Mr. Smith shares his journey from college baseball to star to avid historian as his journey led him to writing and film-making. A warm and wonderful interview and an intimate discussion with a man who is shinning a light on hidden subjects and illuminating truth from the archives of history.
And of course – we can’t let you get away without a few cool musical interludes to set the stage so follow along as we invite the likes of Sonny & Cher, Dave Mason, Mumford and Sons, and some guy named Beethoven join us for a little storytelling magic.
Daniel Blake Smith is a writer and filmmaker who loves to tell true, compelling American stories. Raised in the north Texas town of Wolfe City and educated at Oklahoma State University and the University of Virginia (where he received his doctorate in American history), Smith is the author of three books, most recently a stirring narrative account about early Virginia, The Shipwreck that Saved Jamestown, and a new book about the internal struggles in Indian country that culminated in the epic tragedy of forced removal, An American Betrayal: Cherokee Patriots and the Trail of Tears.

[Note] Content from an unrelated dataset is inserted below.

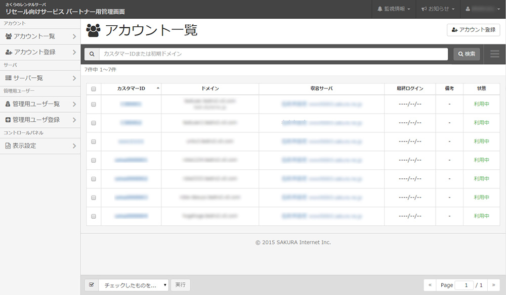 アカウント一覧・検索・状態表示 サービスサーバー内のユーザ一覧と検索機能

Many of Smith’s films likewise focus on powerful, pivotal moments in our nation’s past: he wrote and coproduced ”February One,” a documentary about the 1960 Greensboro, North Carolina, lunch counter sit-in that helped launch the Civil Rights Movement of the 1960s. “February One” aired nationally on PBS’s ‘Independent Lens.’ He also wrote two prize-winning documentaries (both narrated by film star James Earl Jones) about native American life: “Cherokee Legacy: The Trail of Tears,” and “Black Indians: An American Story.” Smith’s documentary biopic about Edgar Allan Poe (“Terror of the Soul”), starring John Heard and Treat Williams with music by Philip Glass, aired on PBS’s “American Masters” series. Smith’s documentary history of Kentucky, narrated by Ashley Judd, “Kentucky—An American Story,” aired in May 2011 on Kentucky Educational Television.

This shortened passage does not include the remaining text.